- **What is being asked**
Work through the listing below and give again exactly the lines from the one with "冯大生处长一行首先参观了学院" to the one with "威誼光通技術(shù)有限公", both ends included. All other lines and all pictures stay out.
· · · ·
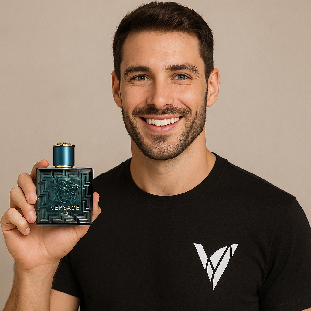 El nuevo eau de parfum Eros, masculino y confiado, es una fragancia para hombres atrevidos y apasionados. El aroma sensual fusiona notas amaderadas, orientales y frescas para crear un potente perfume que evoca a Eros, el dios del amor. La nueva fragancia se presenta en una botella geométrica en azul y oro con detalles Medusa y Greca de tacto agradable
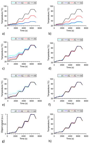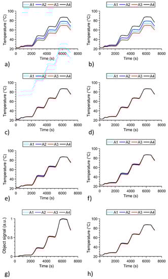 The results of method 3 in OS are in Figure 7g. The same frame that was used for creating emissivity maps for methods 1 and 2 (and with subtracted first frame) in counts was used for the correction. As can be seen, the time OS curves are almost identical. In this case, suppression of emissivity was performed only with knowledge of when thermal equilibrium is reached. It should be clarified that this process can be performed only for object signal values because radiation and temperature do not have a linear dependency. Figure 7h shows that it is possible to convert the OS value back to temperature. Nonetheless, correction must be performed with Equations (16) and (17), which means that initial temperature (radiance) must be known as well as the constants of the RBFO equation and temperature (radiance) at equilibrium.
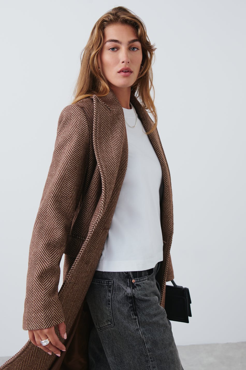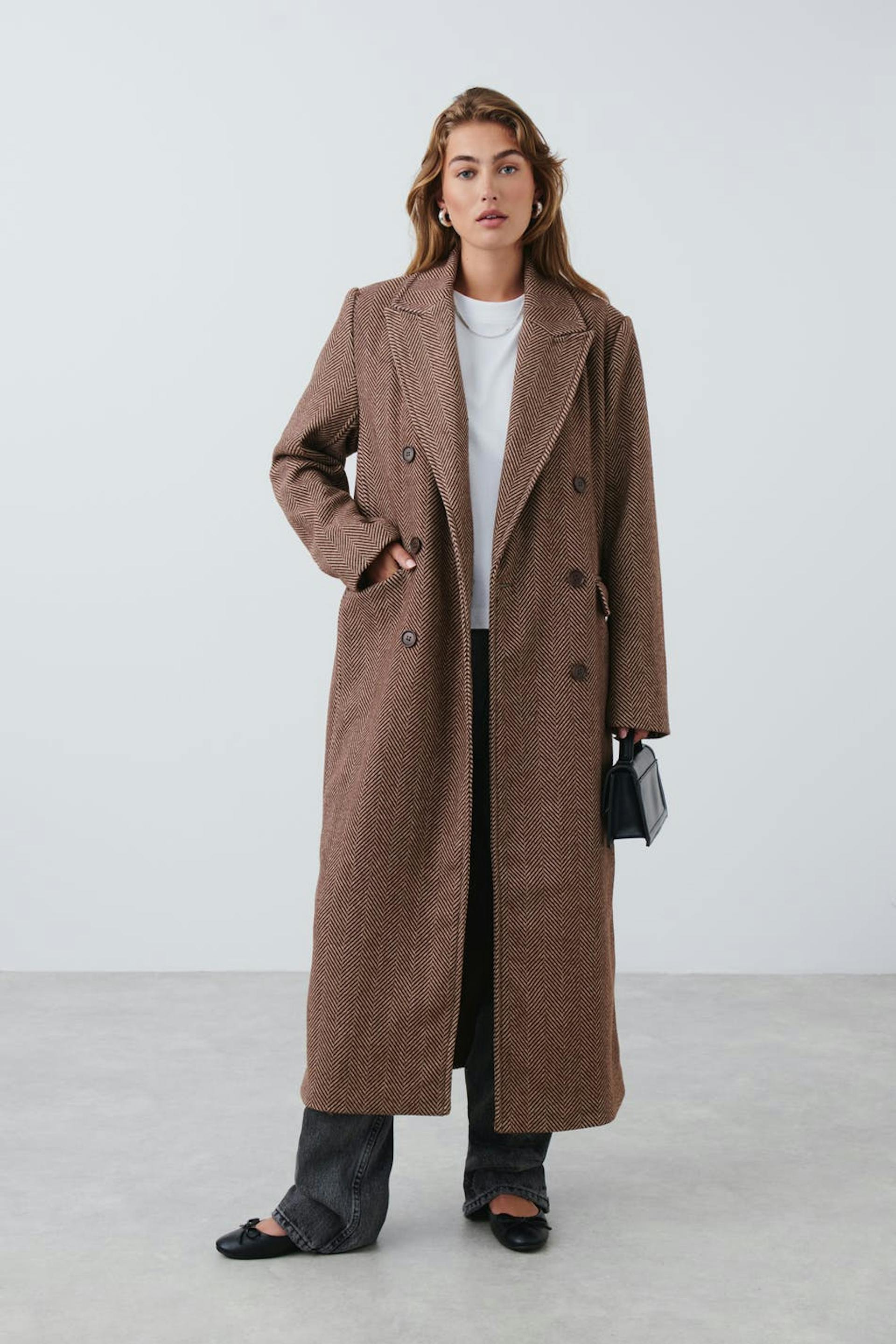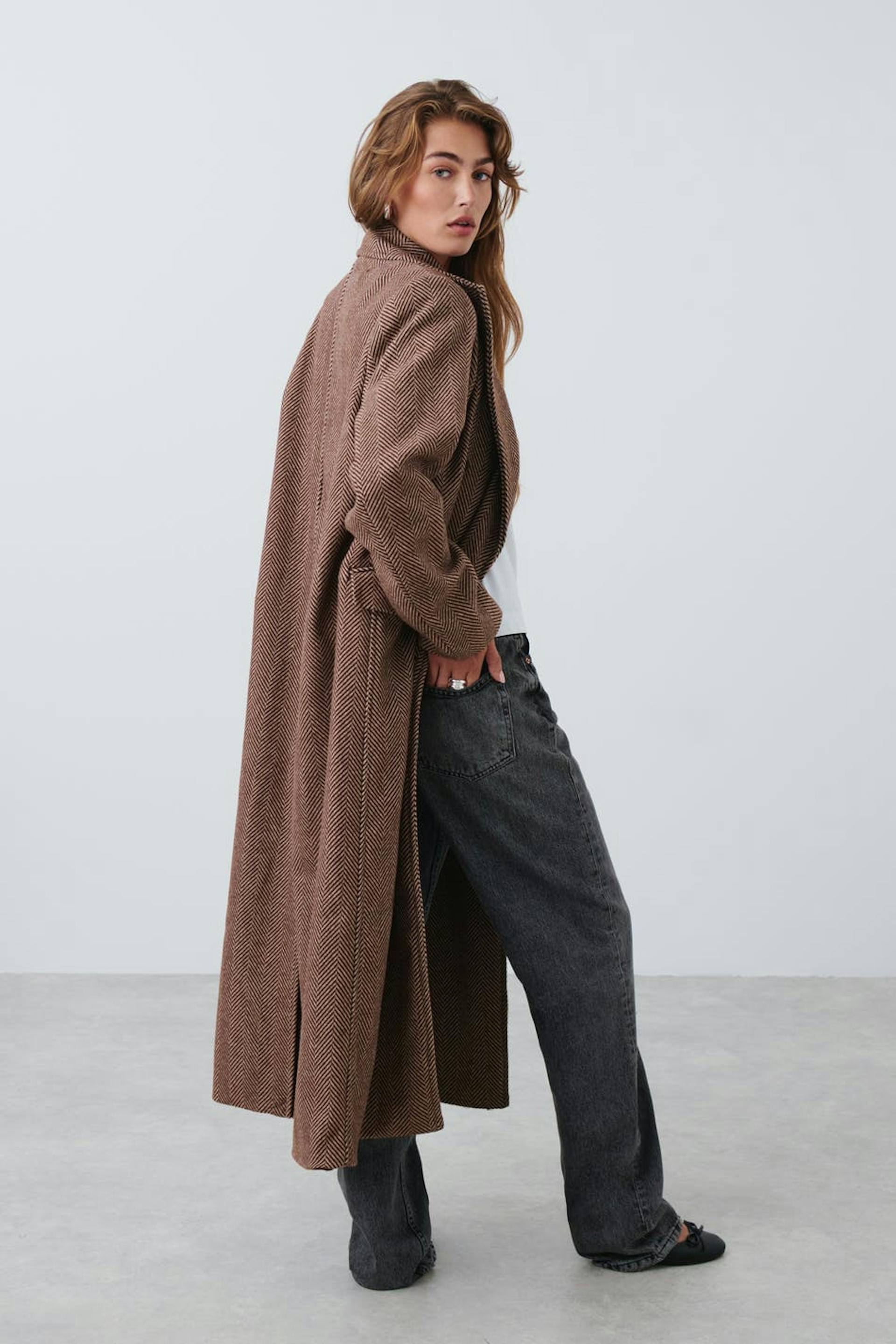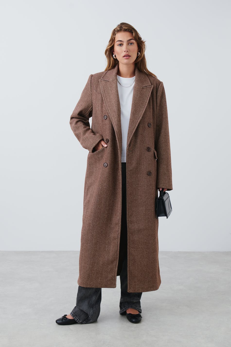 Long coat in wool blend with herringbone pattern. The coat is brown and has oversize fit. It has double button closure at the front, flap pockets in the sides, collar with lapels, inner pockets and slit at the back.
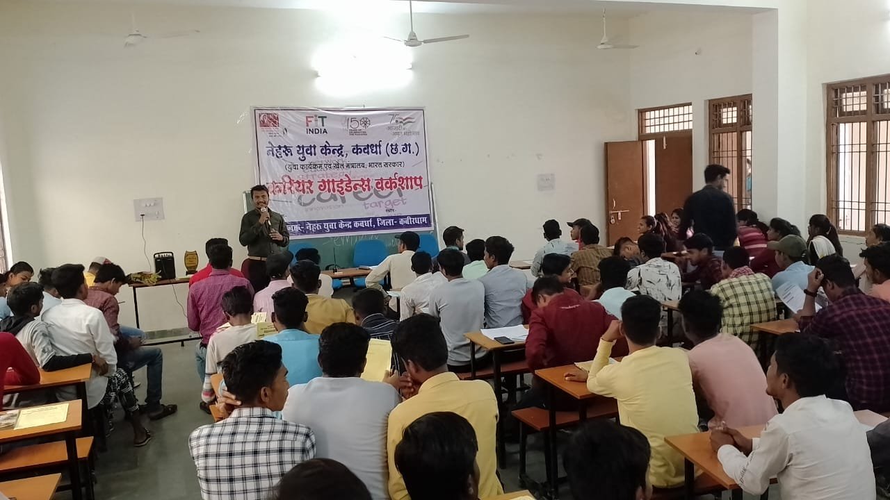 कवर्धा,नेहरू युवा केन्द्र कवर्धा (युवा कार्यक्रम एवं खेल मंत्रालय भारत सरकार) के तत्वाधान मे कैरियर मार्गदर्शन पर एक दिवसीय कार्यशाला का आयोजन लाइवलीहुड कॉलेज महाराजपुर में किया गया। कार्यशाला में सभी ब्लॉक से आये युवाओ को कैरियर सम्बंधित जानकारी विषय विशेषज्ञ द्वारा दिया गया। सहायक परियोजना अधिकारी लाइवलीहुड कॉलेज श्री दिवाकर द्विवेदी, ऋतुराज ताम्रकार, कुमुद मिश्रा एवं प्रदीप सेन ने युवाओ को कैरियर संबंधित जानकारी दी एवं उनको मार्गदर्शन भी दिया। इस अवसर पर राष्ट्रीय युवा स्वयंसेवक पुनीराम यादव, चोक सिंह राजपूत, कुलेश्वर निर्मलकर, लैनदास मोहले, कीर्ति चंद्रवंशी एवं मोहन साहू उपस्थित थे। कार्यक्रम का सफल संचालन पूर्व एनवाईवी पुरुषोत्तम निर्मलकर द्वारा किया गया।
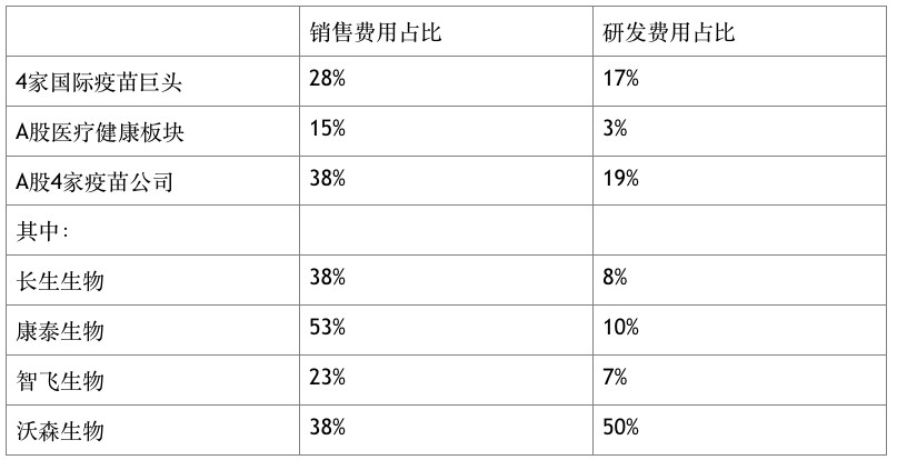 從科研投入來看,其與國際巨頭亦存在巨大差距。以A股為例,目前上市有4家以疫苗為主業(yè)的企業(yè)。Wind數(shù)據(jù)顯示,2017年4家疫苗公司總銷售費(fèi)用達(dá)18億元,占營業(yè)收入38%;4家國際疫苗巨頭(輝瑞、默沙東、賽諾菲、GSK)總銷售費(fèi)用占比28%。反觀研發(fā)費(fèi)用,A股醫(yī)療保健板塊總研發(fā)費(fèi)用319億元,占總營業(yè)收入的2.8%;4家疫苗公司除沃森生物外,研發(fā)費(fèi)用占比均未超過10%;4家國際疫苗巨頭總研發(fā)費(fèi)用占比17%。
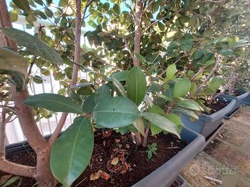 5 vasi con siepe alta più di 2 metri in ogni vaso ci sono 2 siepi sempre verdi sia estate che inverno
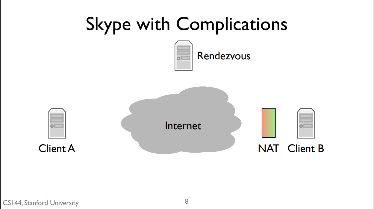 simple mode:It does so using something called a rendezvous server. When you log into Skype, your client opens connections to a network of control servers. In this case, client B opens a connection to the rendezvous server. This works fine because the server isn’t behind a NAT and client B can open connections out without any problems. When client A calls client B, it sends a message to the rendezvous server. Since the server has an open connection to client B, it tells B that there’s a call request from A. The call dialog pops up on client B. If client B accepts the call, then it opens a connection to client A. Client A was trying to open a connection to client B, but since B was behind a NAT, it couldn’t. So instead it sends a message to a computer that client B is already connected to, which then asks client B to open a connection back to client A. Since client A isn’t behind a NAT, this connection can open normally. This is called a reverse connection because it reverses the expected direction for initiating the connection. Client A is trying to connect to client B, but instead client B opens a connection to client A.
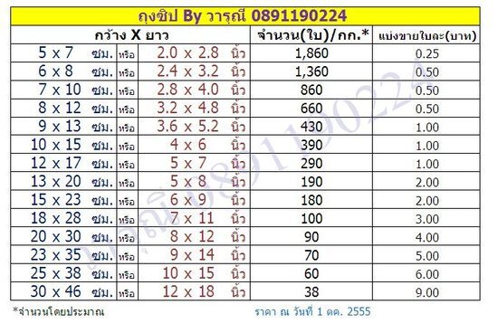 ถุงซิปล็อค พลาสติกเนื้อ PE อย่างดี ซีลแน่น ล็อคสนิท ใส่ของได้สารพัดตามต้องการ มีทุกขนาด ตั้งแต่ใส่แหวนวงเล็กๆ จนถึงหนังสือเล่มโตๆ -กรณีซื้อเบอร์เดียวยกกิโลจะถูกมากค่ะ เบอร์เดียว กิโลกรัมละ 160 บาท ค่าจัดส่ง 40 บาท เบอร์เดียว แบ่งครึ่งกก. 85 บาท ค่าจัดส่ง 25 บาท -หากใช้หลายเบอร์คละกัน เราแบ่งขายให้ได้ค่ะ คละเบอร์ กิโลกรัมละ 200 บาท ค่าจัดส่ง 40 บาท คละเบอร์ แบ่งครึ่งกก. 100 บาท ค่าจัดส่ง 25 บาท -หากใช้น้อยมากๆ หยิบเป็นใบๆ ก็ยินดี ราคาตามตารางเลยค่ะ ค่าจัดส่งเริ่มต้น 20 บาท สนใจติดต่อ วารุณี 0891190224 email [email protected]
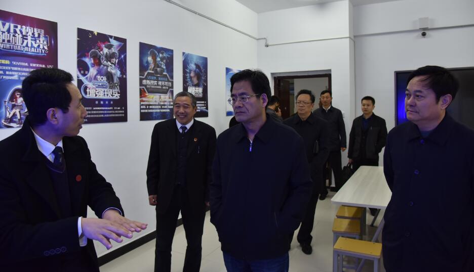 冯大生处长一行首先参观了学院就业墙、VR体验中心、移动智能开发中心和云计算中心。随后,在图科楼会议室召开了座谈。
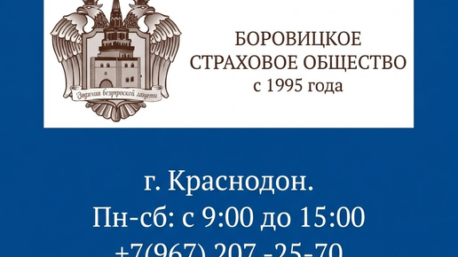 Боровицкое Краснодон.+7(967)207 25-70. Страховая компания
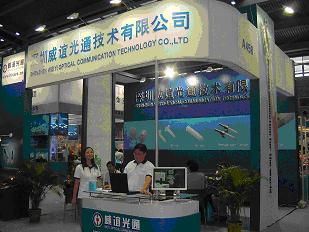 威誼光通技術(shù)有限公司以深藍色為主,整個展臺給人穩(wěn)重的感覺,展臺宣傳背頁也以公司主打的陶瓷插芯、跳線、連接器等產(chǎn)品為底,達到了很好的宣傳效果。而這次威誼也推出了新產(chǎn)品快速連接器,擺在了展臺最前沿的位置。
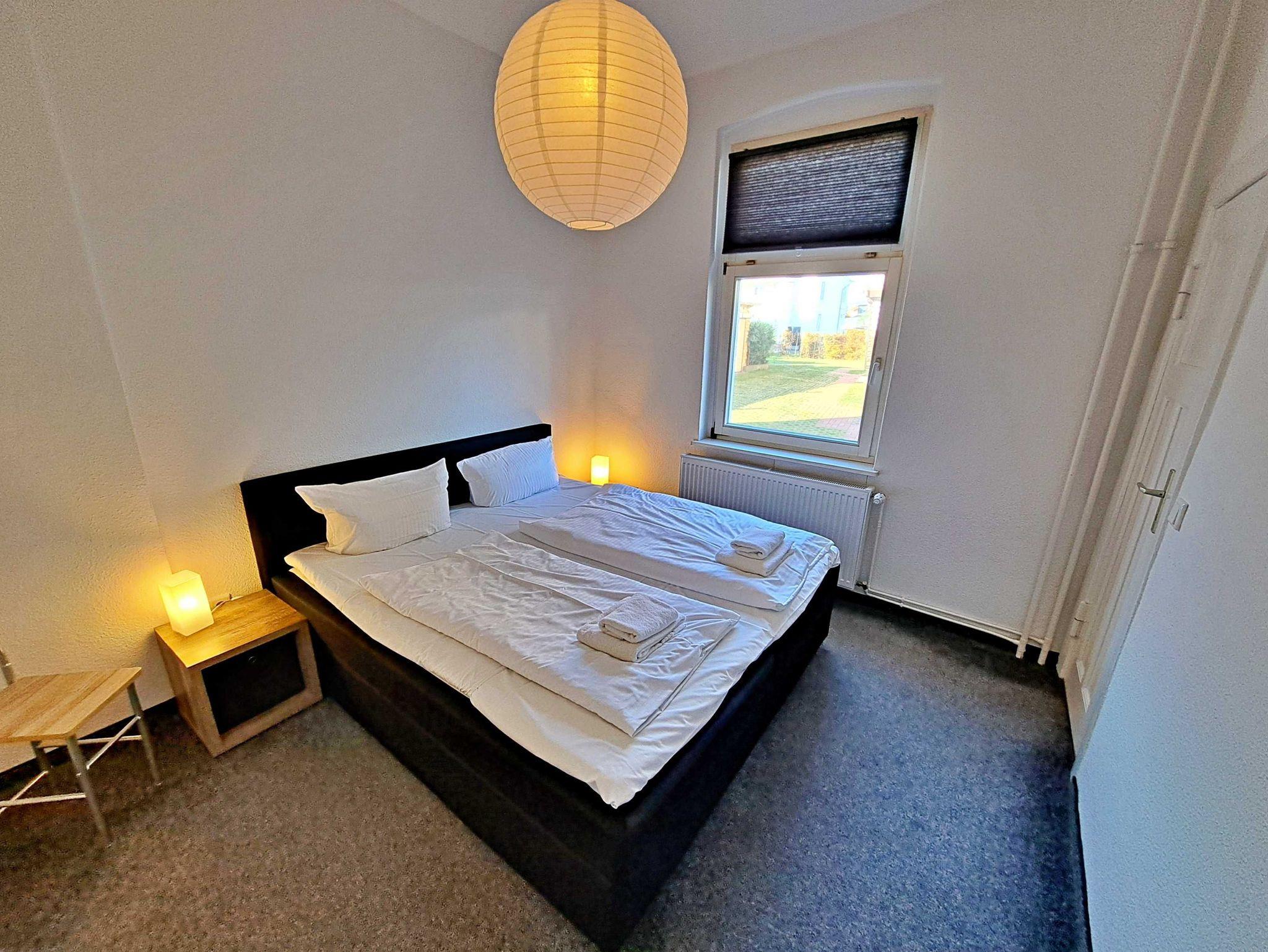 Auf ca. 50 qm erwartet Sie eine gemütliche Feriewohnung im Erdgeschoss der Villa Haus Bella! Diese Ferienwohnung bietet Ihnen alles, was Sie für Ihren erholsamen Urlaub benötigen. Das Wohnzimmer bietet eine komfortable Couchgarnitur, die auch als Schlafmöglichkeit für eine Person dient, sowie einen Flachbild-TV, der zu entspannten Abenden einlädt. Im Schlafzimmer finden Sie ein bequemes Doppelbett und einen begehbaren Kleiderschrank, der ausreichend Stauraum bietet. Die offene Küche ist bestens ausgestattet mit einem Elektro-Herd, Backofen, Kühlschrank, Kaffeemaschine, Toaster und Wasserkocher - alles, was Sie für Ihre kulinarischen Wünsche benötigen. Die gemütliche Essecke mit Tisch und vier bequemen Stühlen befindet sich separat im Flurbereich und lädt zu gemeinsamen Mahlzeiten ein. Das Tageslichtbad bietet Ihnen eine geräumige Dusche und WC für Ihr Wohlbefinden. Ein Stellplatz für Ihren PKW steht auf dem Grundstück zur Verfügung und natürlich genießen Sie in der gesamten Wohnung kostenfreies WLAN.
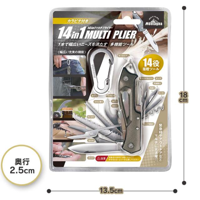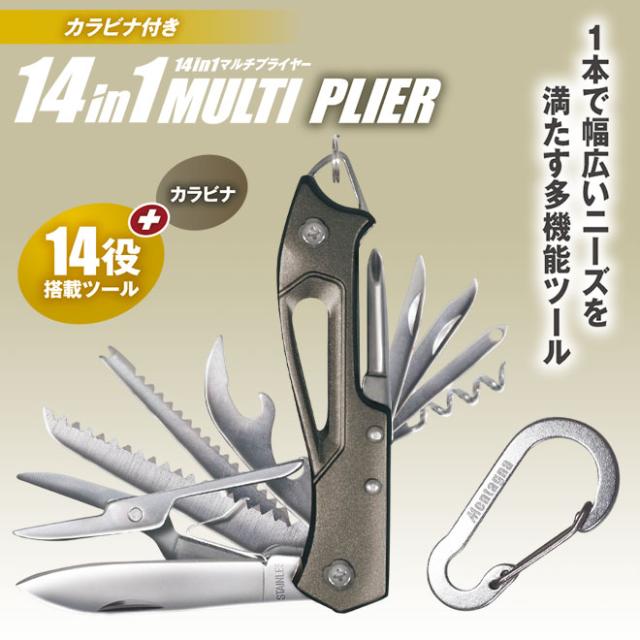 携帯工具 多機能 【購入特典付】 携帯ツール 14in1 マルチプライヤー カラビナ付き 災害 防災グッズ
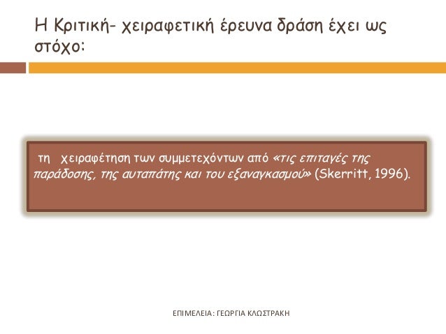 92. 92. Η Κνηηηθή- πεηναθεηηθή ένεοκα δνάζε έπεη ςξζηυπμ:ηε πεηναθέηεζε ηςκ ζομμεηεπυκηςκ απυ «ηηξ επηηαγέξ ηεξπανάδμζεξ, ηεξ αοηαπάηεξ θαη ημο ελακαγθαζμμφ» (Skerritt, 1996).ΕΠΙΜΕΛΕΙΑ: ΓΕΩΡΓΙΑ ΚΛΩ΢ΣΡΑΚΗ
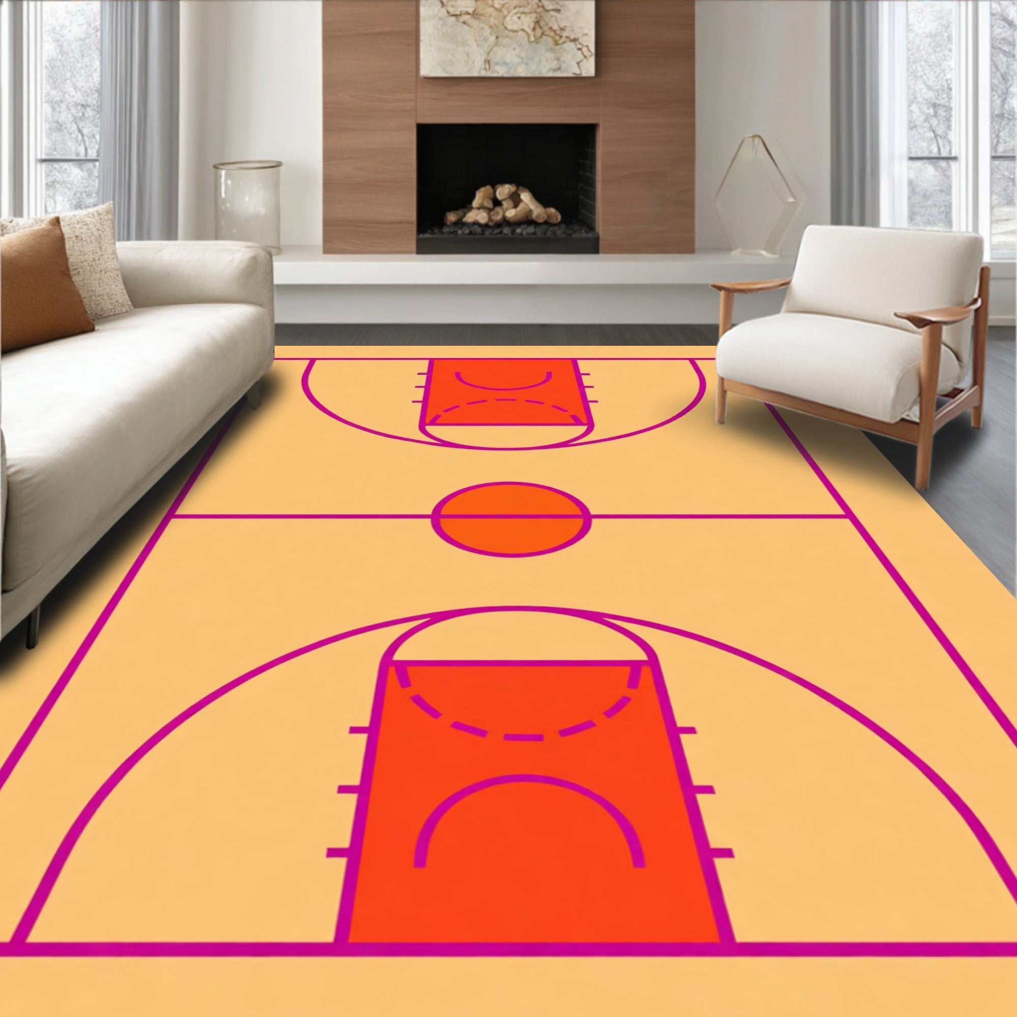 Basketball Court Wood Floor Red Orange Key Pink Lines(Beige)
· · · ·
- **Written response**
 冯大生处长一行首先参观了学院就业墙、VR体验中心、移动智能开发中心和云计算中心。随后,在图科楼会议室召开了座谈。
 Боровицкое Краснодон.+7(967)207 25-70. Страховая компания
 威誼光通技術(shù)有限公司以深藍色為主,整個展臺給人穩(wěn)重的感覺,展臺宣傳背頁也以公司主打的陶瓷插芯、跳線、連接器等產(chǎn)品為底,達到了很好的宣傳效果。而這次威誼也推出了新產(chǎn)品快速連接器,擺在了展臺最前沿的位置。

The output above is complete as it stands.